» Material provided
=-=-=

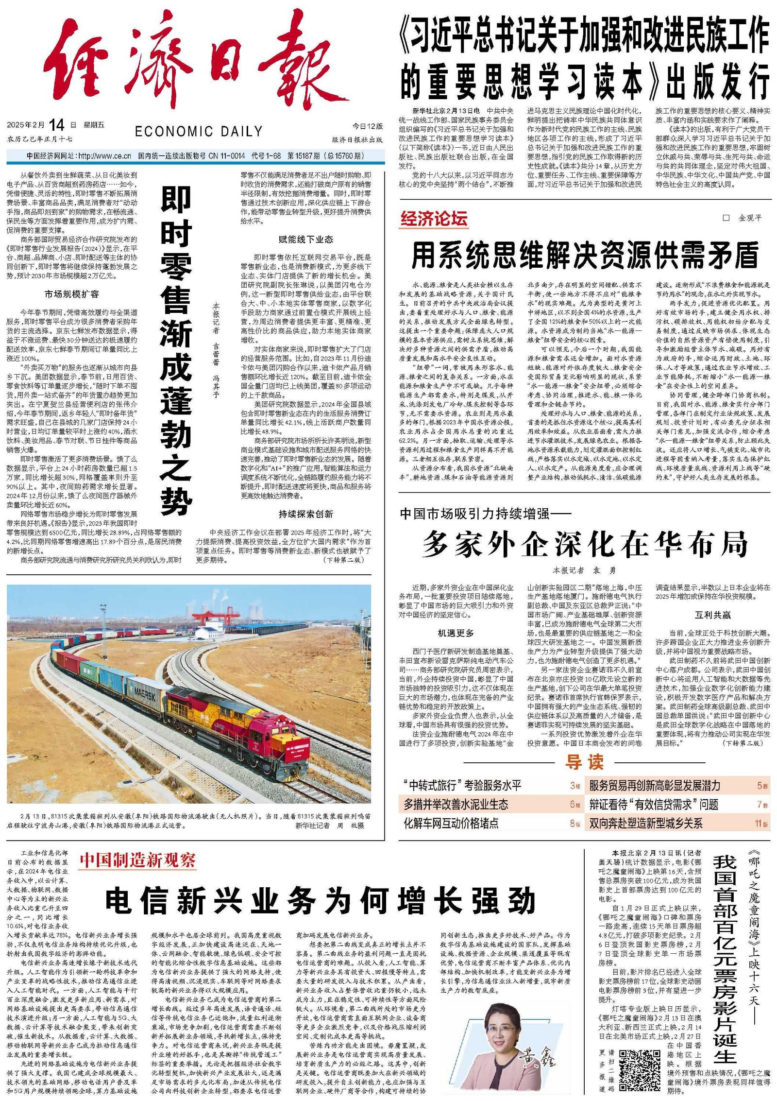 周密表示,外企投资中国是互利共赢之举。中国可以为外企研发创新和业务升级提供良好的环境。外企在技术、产品和管理等方面具有优势,新的投资项目往往集中体现了这些优势,可以为中国经济高质量发展注入动力。
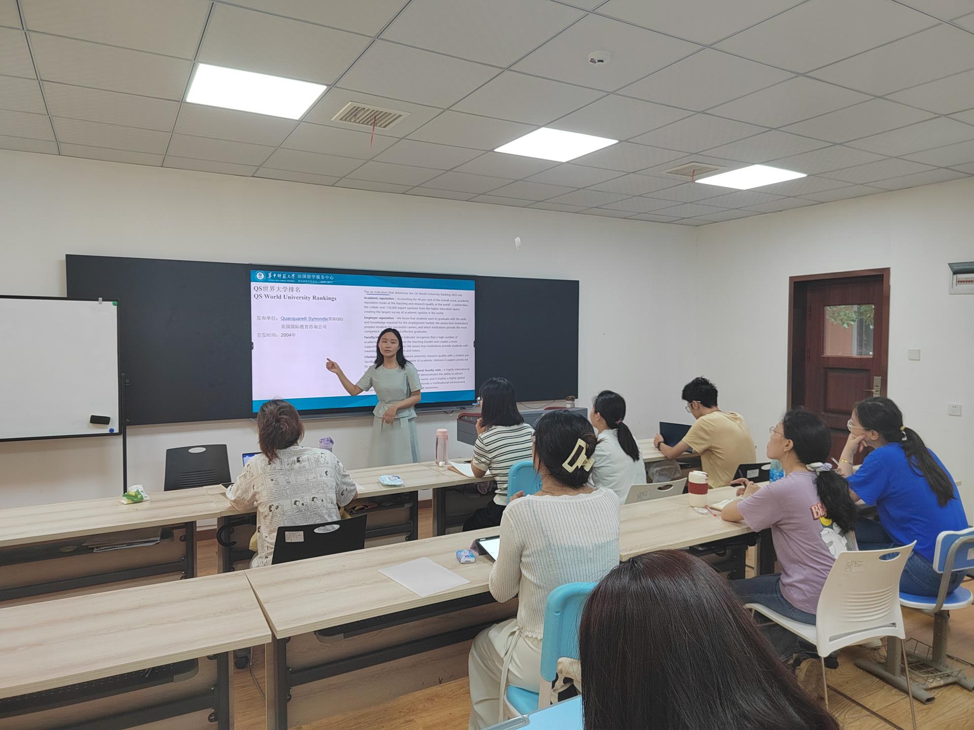 本期学员大多是来自华师化学、物理、英语等专业的研究生,及2名高年级本科生,他们拥有扎实的学科知识基础,并经历过专业的教师能力培训,但对国际教育还不甚了解。所以,培训的第一节课,课程中心的升学老师余梦婷就出国留学的脉络和流程进行了介绍。
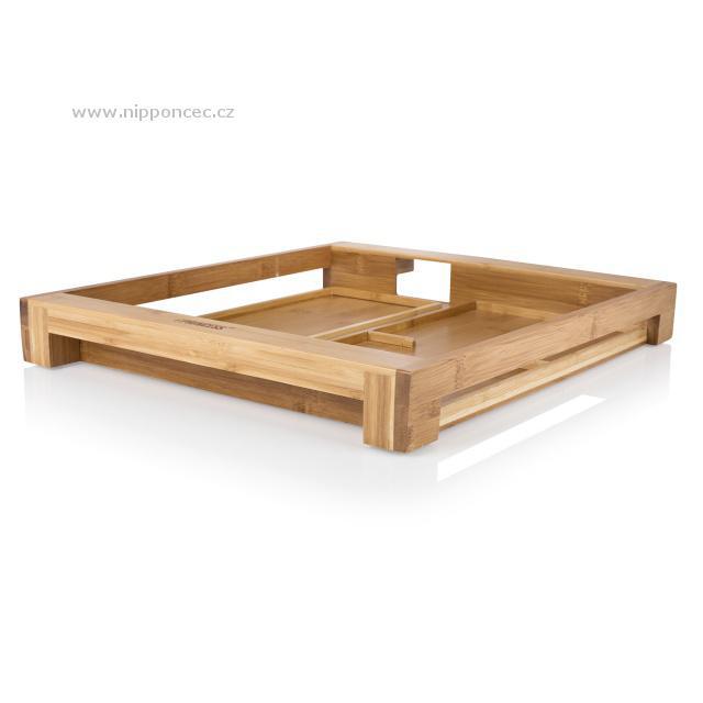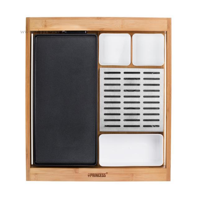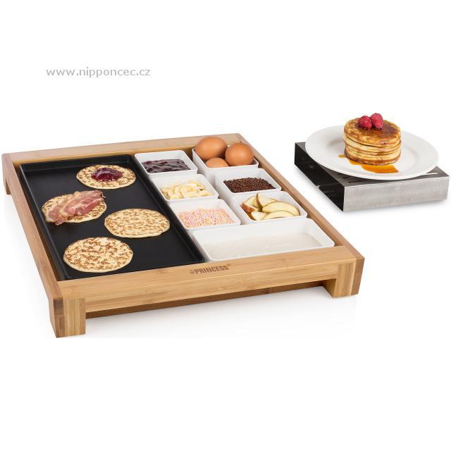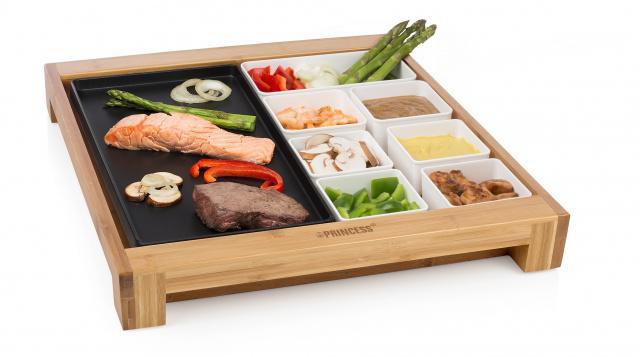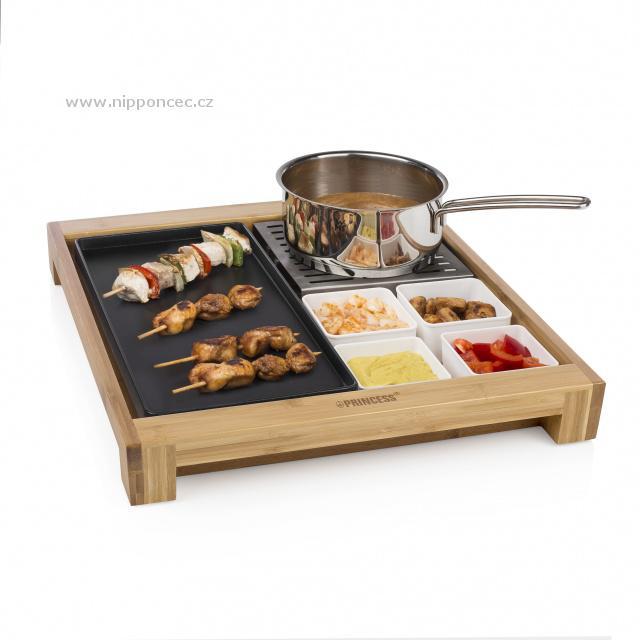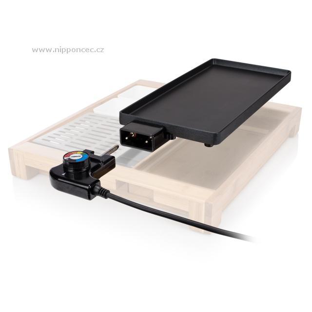 Multifunkční designový stolní gril v bambusovém rámu pro přípravu masa, zeleniny, palačinek, vajec apod. Pečící/plochá grilovací plocha, ohřívač, 3 různé misky, termostat na odnímatelném kabelu. Na nerezové desce na boku lze přihřívat čajník apod. Nepřilnavý povrch grilu pro snadné čištění a údržbu, světelná indikace provozu, 2 malé misky, 1 podlouhlá miska pro odkládání různých příloh, topinek apod. Výkon: 1500 W.
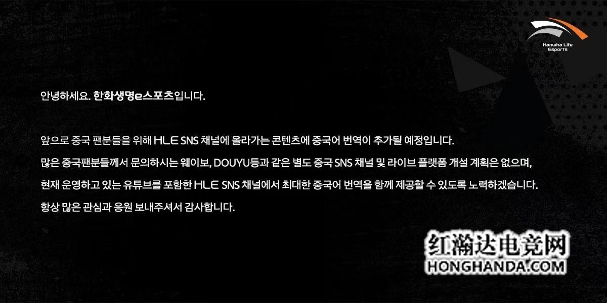 HLE官方发文说道:为了中国的粉丝,未来的HLE社交媒体平台上上传的网络内容将会添加中文翻译。很多中国粉丝询问的微博和斗鱼等社交平台和直播平台,目前我们还没有计划运营。我们会尽量在目前运营中的HLE社交媒体平台上提供中文翻译。感谢大家一直以来对我们的关心和支持。
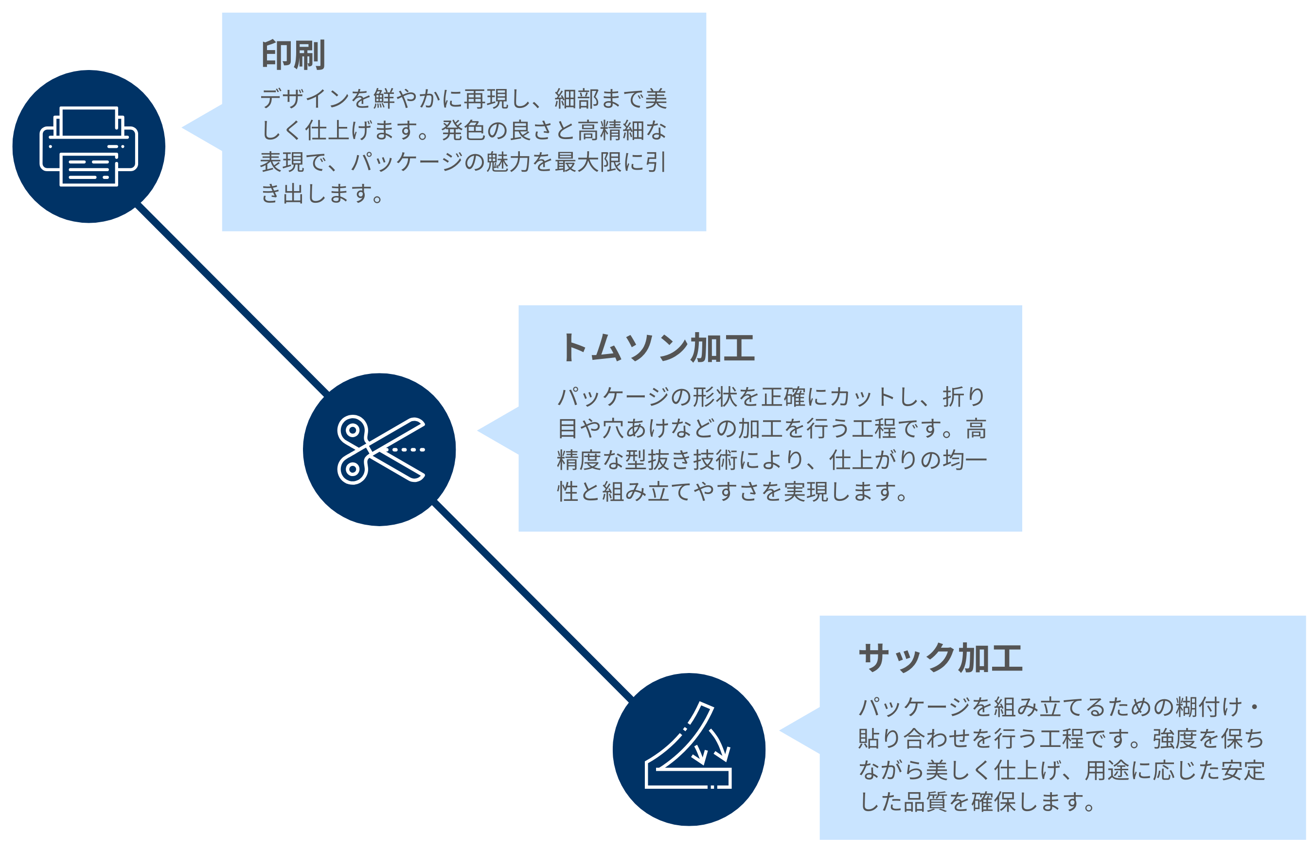製品の顔となる魅力的なパッケージデザインと高品質印刷をご提供します。商品の価値を最大限に引き出し、店頭での存在感を高める包装ソリューションをカスタムメイドでお届けします。
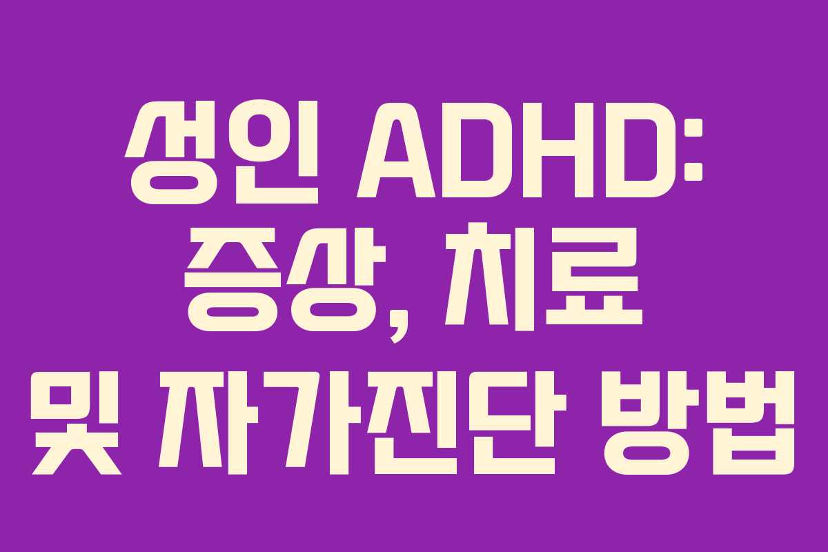 답변: 성인 ADHD는 전문의와의 상담 및 종합심리검사를 통해 진단됩니다.

=-=-=

» The task
Starting at the line that contains "本期学员大多是来自华师化学、", transcribe each line through the last one of the entries above, exactly and without pictures.

» Written answer
 本期学员大多是来自华师化学、物理、英语等专业的研究生,及2名高年级本科生,他们拥有扎实的学科知识基础,并经历过专业的教师能力培训,但对国际教育还不甚了解。所以,培训的第一节课,课程中心的升学老师余梦婷就出国留学的脉络和流程进行了介绍。
 Multifunkční designový stolní gril v bambusovém rámu pro přípravu masa, zeleniny, palačinek, vajec apod. Pečící/plochá grilovací plocha, ohřívač, 3 různé misky, termostat na odnímatelném kabelu. Na nerezové desce na boku lze přihřívat čajník apod. Nepřilnavý povrch grilu pro snadné čištění a údržbu, světelná indikace provozu, 2 malé misky, 1 podlouhlá miska pro odkládání různých příloh, topinek apod. Výkon: 1500 W.
 HLE官方发文说道:为了中国的粉丝,未来的HLE社交媒体平台上上传的网络内容将会添加中文翻译。很多中国粉丝询问的微博和斗鱼等社交平台和直播平台,目前我们还没有计划运营。我们会尽量在目前运营中的HLE社交媒体平台上提供中文翻译。感谢大家一直以来对我们的关心和支持。
製品の顔となる魅力的なパッケージデザインと高品質印刷をご提供します。商品の価値を最大限に引き出し、店頭での存在感を高める包装ソリューションをカスタムメイドでお届けします。
 답변: 성인 ADHD는 전문의와의 상담 및 종합심리검사를 통해 진단됩니다.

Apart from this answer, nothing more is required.